▸ **YOUR ASSIGNMENT**
Look below for the line with "ПОСТАНОВЛЕНИЕ ГД ФС" and the line with "为了检验本文提出的理论模型的". Copy exactly those two lines and every line between, but not the pictures.

▸ **DATA FOR ANALYSIS**
- - -
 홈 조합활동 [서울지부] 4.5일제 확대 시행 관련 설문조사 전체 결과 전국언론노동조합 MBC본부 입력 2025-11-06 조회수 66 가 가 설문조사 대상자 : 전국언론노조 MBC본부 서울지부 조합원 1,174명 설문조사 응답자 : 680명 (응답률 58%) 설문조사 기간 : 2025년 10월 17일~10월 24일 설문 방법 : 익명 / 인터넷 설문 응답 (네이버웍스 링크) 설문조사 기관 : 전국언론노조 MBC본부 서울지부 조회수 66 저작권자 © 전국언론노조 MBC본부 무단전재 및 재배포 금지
- - -
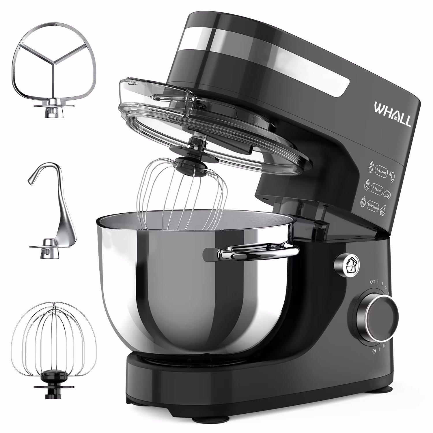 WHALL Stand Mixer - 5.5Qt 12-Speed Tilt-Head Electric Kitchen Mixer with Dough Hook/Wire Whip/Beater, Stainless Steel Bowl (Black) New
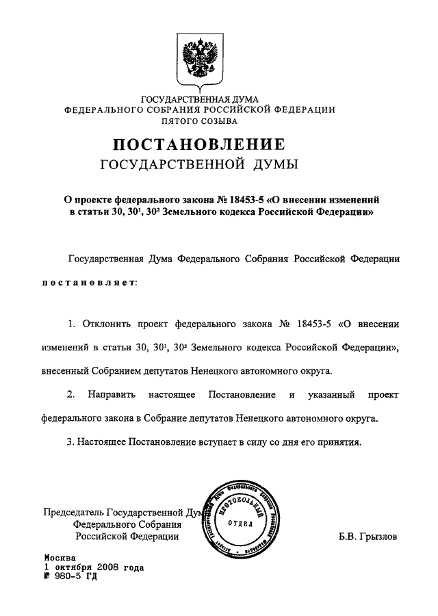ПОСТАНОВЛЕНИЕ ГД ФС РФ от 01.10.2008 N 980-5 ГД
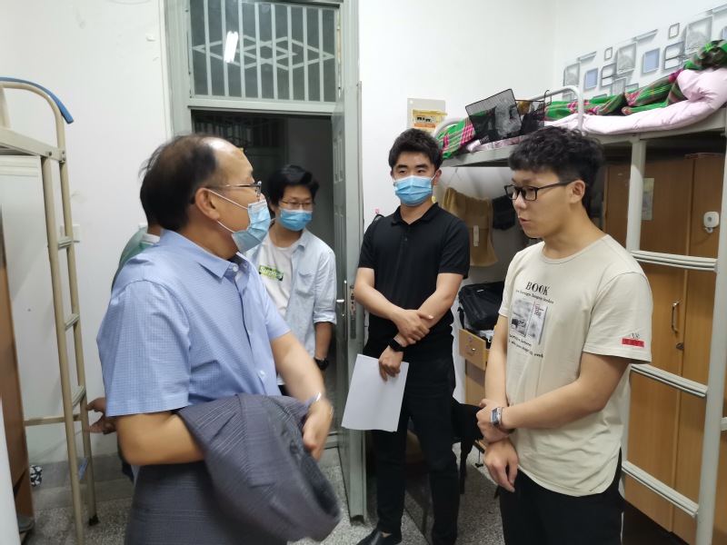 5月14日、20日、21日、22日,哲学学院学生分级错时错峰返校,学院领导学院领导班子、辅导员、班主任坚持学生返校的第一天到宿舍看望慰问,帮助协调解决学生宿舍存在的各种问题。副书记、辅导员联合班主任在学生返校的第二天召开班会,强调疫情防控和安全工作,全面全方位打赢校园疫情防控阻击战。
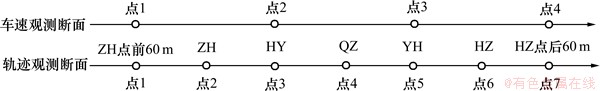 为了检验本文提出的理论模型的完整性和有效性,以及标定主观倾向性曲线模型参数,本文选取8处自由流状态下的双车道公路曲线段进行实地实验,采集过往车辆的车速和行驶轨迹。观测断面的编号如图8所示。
- - -
▸ **TASK RESULT**
ПОСТАНОВЛЕНИЕ ГД ФС РФ от 01.10.2008 N 980-5 ГД
 5月14日、20日、21日、22日,哲学学院学生分级错时错峰返校,学院领导学院领导班子、辅导员、班主任坚持学生返校的第一天到宿舍看望慰问,帮助协调解决学生宿舍存在的各种问题。副书记、辅导员联合班主任在学生返校的第二天召开班会,强调疫情防控和安全工作,全面全方位打赢校园疫情防控阻击战。
 为了检验本文提出的理论模型的完整性和有效性,以及标定主观倾向性曲线模型参数,本文选取8处自由流状态下的双车道公路曲线段进行实地实验,采集过往车辆的车速和行驶轨迹。观测断面的编号如图8所示。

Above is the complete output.